History/Origin of the Dalmatian
We are still not absolutely sure of the exact origin of the Dalmatian. The most reliable of sources suggests they originated in the eastern Mediterranean from where they spread to India and over Europe. Some suggest they did this while travelling with gypsies. The name suggests the breed came from Dalmatia, (a historical region of Croatia on the eastern coast of the Adriatic Sea), but researchers have found this wasn’t the case.
The name Dalmatian did come relatively late in their history approximately around the late 1790’s, but there are records of spotted dogs in paintings, sketchings and artifacts dated well before this time. The so called then spotted dog was seen beside war chariots and with all types of horse drawn carriages, This is probably how they received their second name The Carriage Dog. The roles of this ancient breed are as varied as their reputed ancestors. They were used as dogs of war, guarding the borders of Dalmatia. To this day, the breed retains a high guarding instinct; although friendly and loyal to those the dog knows and trusts, it is often aloof with strangers and unknown dogs.

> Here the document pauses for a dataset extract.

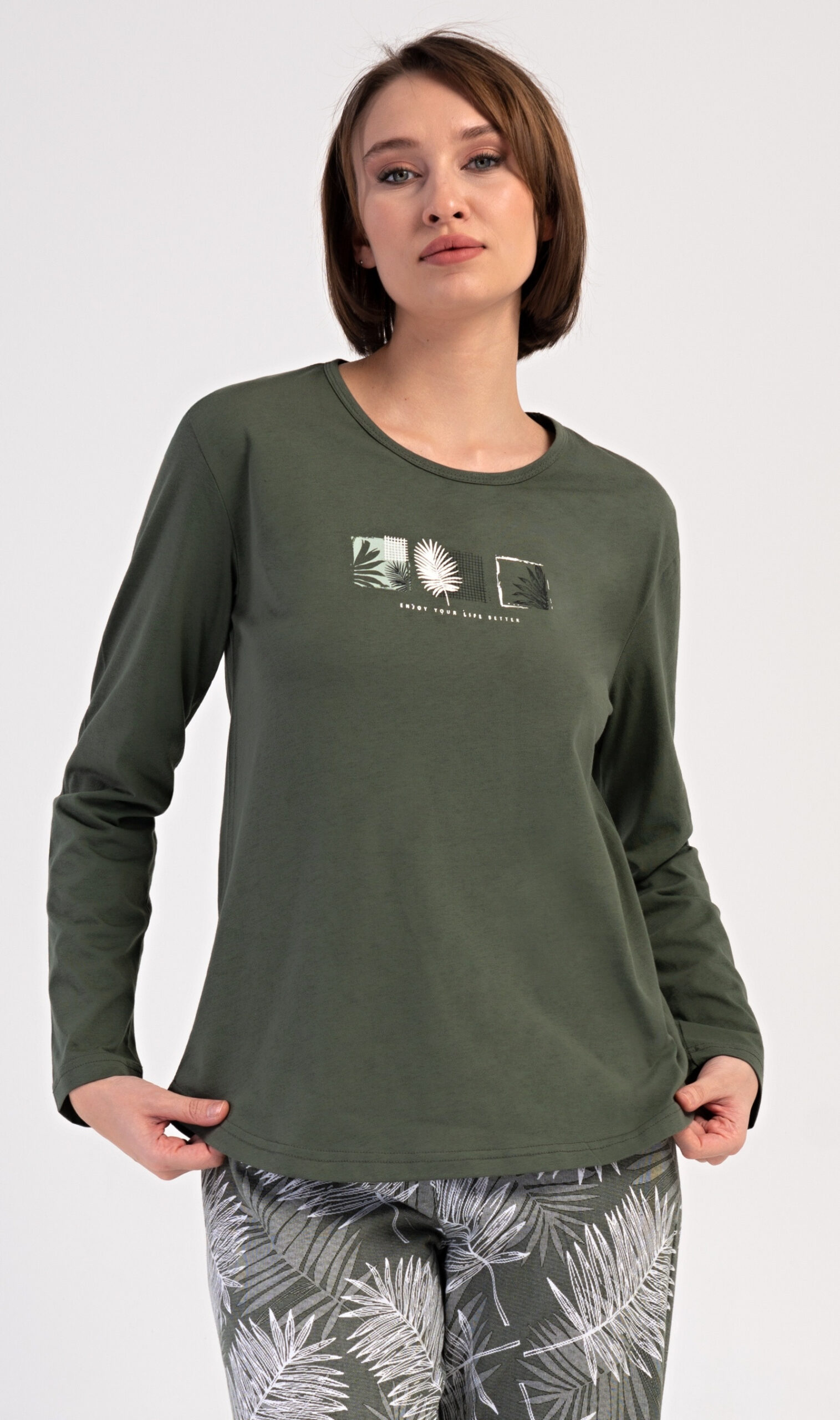 Módní smaragdové barvy dámské pyžamo s dlouhým rukávem Barbora.

Dalmatians have a strong hunting instinct and are an excellent exterminator of rats and vermin. In sporting, they have been used as bird dogs, trail hounds, retrievers, or in packs for boar or stag hunting. Their dramatic markings and intelligence have made them successful circus dogs throughout the years. Dalmatians are perhaps best known for their role as fire-fighting apparatus escorts and firehouse mascots. Since Dalmatians and horses are very compatible, the dogs were easily trained to run in front of the carriages to help clear a path and quickly guide the horses and firefighters to the fires. Dalmatians are often considered to make good watchdogs, and they may have been useful to fire brigades as guard dogs to protect a firehouse and its equipment. Fire engines used to be drawn by fast and powerful horses, a tempting target for thieves, so Dalmatians were kept in the firehouse as deterrence to theft.